Before printing, remove every picture; then print the lines below exactly, from the first line through the line containing "Élus et bénévoles".

*STORED DATA:*
===============

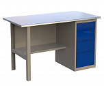 Стол бестумбовый поставляется в разобранном виде (4 места). Нагрузка на столешницу до 600 кг. Стандартный цвет: корпус - серый глянец RAL 7030, ящики и двери тумб - синий RAL 5017. Размеры: 855х1200х700мм. Вес: 40 кг.
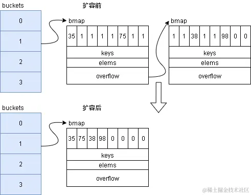 2.增量搬迁:搬迁家族函数为evacuate*,在赋值和删除时,定位到key所属的bucket,则对该bucket内的bmap及其overflow的bmap进行搬迁。
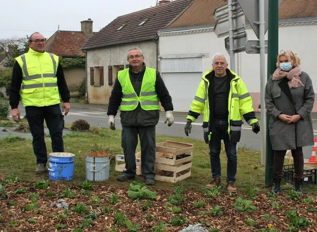 Élus et bénévoles ont planté les fleurs qui seront à leur apogée au printemps. © Le Maine Libre
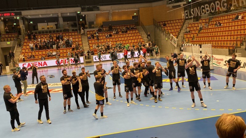 ÄNTLIGEN TILLBAKA I HANDBOLLSLIGAN! HF Karlskrona är tillbaka i handbollsligan efter att besegrat OV Helsingborg i den femte och avgörande drabbningen på bortaplan i fredags. Vilken lycka för alla HFK fans, inte minst alla Lejon, som i flera år kämpat tillsammans med HFK för att åter komma upp i handbollens finrum. Fredagsmatchen, eller ska vi säga hela dagen, präglades av en närmast hysterisk nervositet. Ena stunden intalar man sig att, visst detta kommer att gå bra, vi vinner. Till att i nästa stund vara tillbaka på "pessimismens bakgård", neeej det här "gaur aallri!" Likadant var det vid matchupptakten, 4-0 underläge och inget stämde, inga räddningar, inga skott från nio meter, inspelen sken med sin frånvaro... men ju längre matchen led kom våra, för dagen, gulklädda krigare in i matchen och i halvtid var det bara ett mål som skilde. I andra halvlek var det HFK som tog tag i taktpinnen och när vi för första gången i matchen tog ledningen,13-12, då var OV redan ett allsvenskt lag. HFK visade stort hjärta och kunde till taktfasta klapp och hejaramsor från den tillresta HFK klacken ta ett järngrepp om andra halvlek. Nu behövde ingen oroa sig för svackor i spelet eller skott som inte gick in, eller försvarsspel som läckte. Uros storspelade i målet ännu engång, skotten från nio meter satt som hand i handske och försvarsspelet släppte ingen jävel över bron. Nej, detta var fredagen då våra handbollsgudar var på vår sida, äntligen. När slutsignalen ljöd var det bara ren eufori, spelare som hoppade, spelare som kramades, en klack som skrek ut sin vilda lejonglädje. Ta mig tusan om jag inte såg en eller ett par glädjerårar också. VI ÄR TILLBAKA ekade i en alltmer avfolkad Helsingborg Arena där bara HFK spelare och supportrar var kvar en timma efter matchavgörandet. En bussresa från en bortamatch har nog aldrig varit så härlig. Vid ankomsten till Brinova Arena kunde en skara Lejon rigga upp för ett varmt mottagande när spelarbussen anlände. Fyrverkerier och tomtebloss mötte spelarna när de kom "hem till staun" och till klackens "alla älskar HFK i staun" kunde firandet fortsätta för spelare och supportrar på något av stans inneställe, om det finns något sådant nu för tiden. Men det är en annan historia som inte undertecknad har någon som helst insyn i. Trötta och lyckliga kunde vi ta oss hemåt i natten efter väl förrättat värv. HFK i handbollsligan, sug på den. Nog drömde vi väl, den natten, kanske lite till mans om sm slutspel, SM guld, AMO derby och knäppa "stocken" på näsan.....nej nu får det vara nog, innan vi laddar för en ny säsong ska alla spelare ha en välförtjänt ledighet. Hoppas att många vill ansluta till södra ståplats i lejonklacken när det drar ihop sig framåt hösten, TILLSAMMANS ÄR VI STARKA!! HJÄRTA, GLÄDJE, GEMENSKAP!!

===============

*RESPONSE BOX:*
 Стол бестумбовый поставляется в разобранном виде (4 места). Нагрузка на столешницу до 600 кг. Стандартный цвет: корпус - серый глянец RAL 7030, ящики и двери тумб - синий RAL 5017. Размеры: 855х1200х700мм. Вес: 40 кг.
 2.增量搬迁:搬迁家族函数为evacuate*,在赋值和删除时,定位到key所属的bucket,则对该bucket内的bmap及其overflow的bmap进行搬迁。
 Élus et bénévoles ont planté les fleurs qui seront à leur apogée au printemps. © Le Maine Libre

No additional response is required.